I think the complement sandwich can be useful as a stepping stone to good communication. That said, I think of it as a narrow formulation of a more general (and less precisely defined) approach to conversation that I might point to with phrases like “work with people where they are at” and “be aware of the emotions that your words induce in other people”. There was an article on LessWrong that I can’t find, arguing that clear communication is worded to pre-emptively avoid likely misunderstandings and misconceptions. The idea I’m pointing to is like that, but concerning the emotional interpretation of your words rather than the literal meaning. I think this can apply just as much to the rationalist community as to any other community (although I haven’t had any conversations with rationalists so I don’t know for sure).

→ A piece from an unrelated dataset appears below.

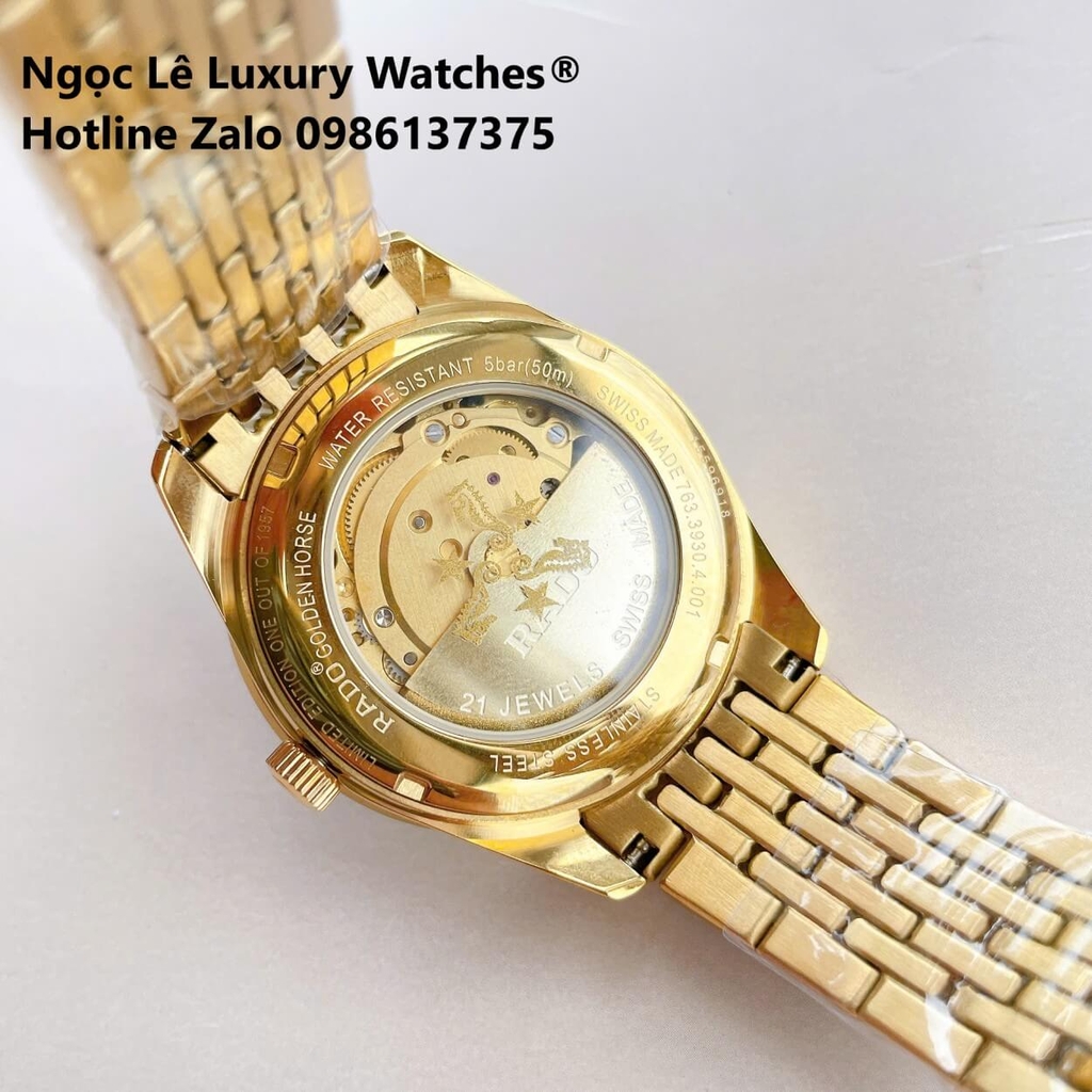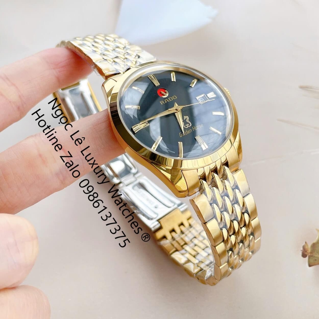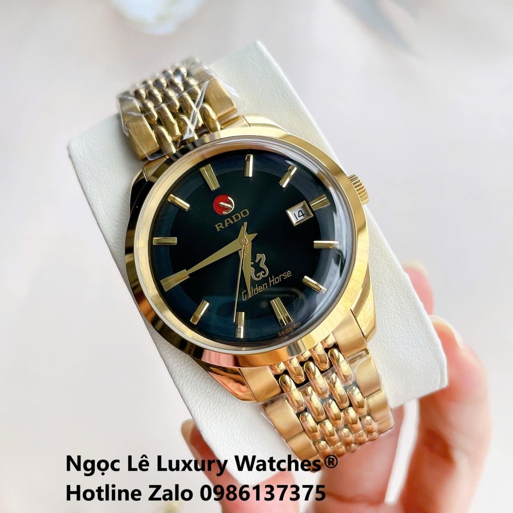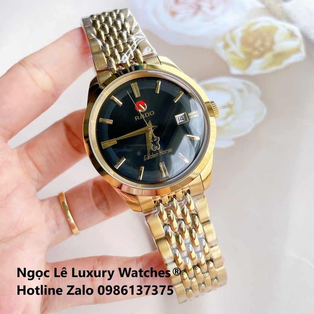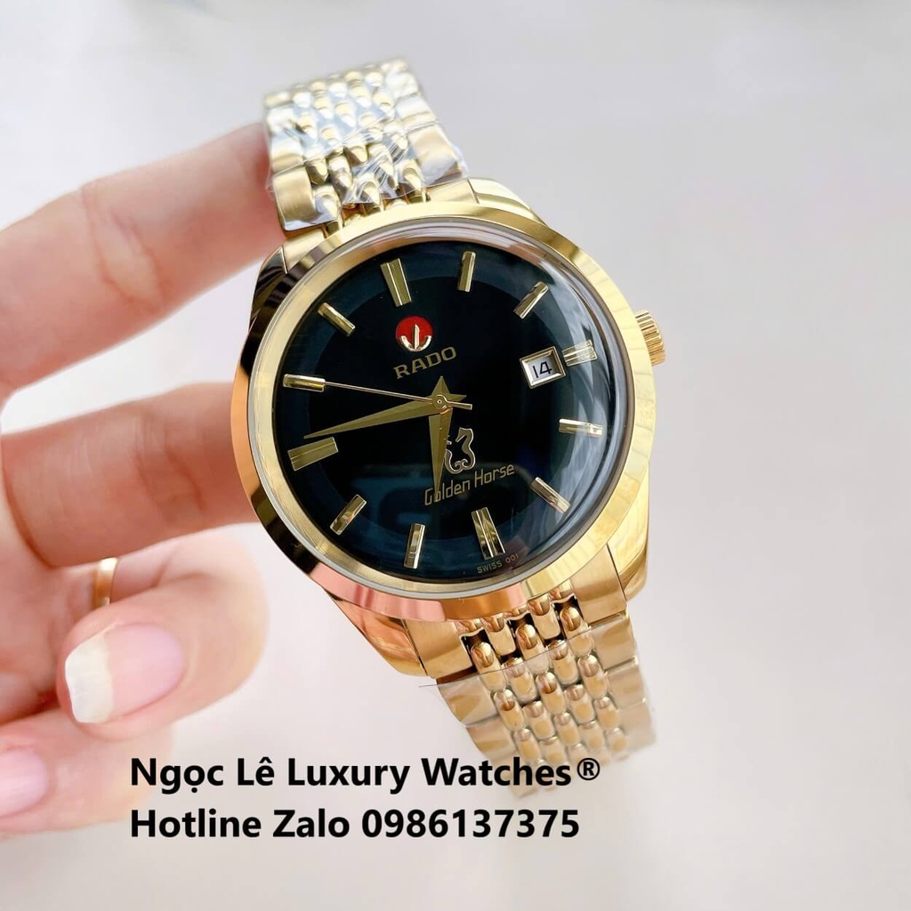 Đồng Hồ Nam Rado Golden Horse Automatic Cao Cấp Dây Vàng Mặt Đen Size 40mm – Sapphire

Like literary and conversational techniques in general, if they are followed as a hard rule then they risk coming across as formulaic and hence inauthentic. However I can imagine that it might be useful to adopt the complement sandwich as a rule until you gain a deeper understanding of the underlying mechanics.
Very interesting post. I’ll be interested to see how this fits in with other psychological frameworks that have been posited on this forum, like Chipmonk’s and Steven Byrnes’.
Some of what you’ve said so far resonates with me—I have had the experience of a particular instance of suffering dissolving pretty quickly once I noticed that the thing I was observing and the suffering I felt from it are distinct and can be separated from each other. Some of this seems unlike anything I’ve heard before (like the Attention-Respect-Security model) and I’m curious to see how this works in practice.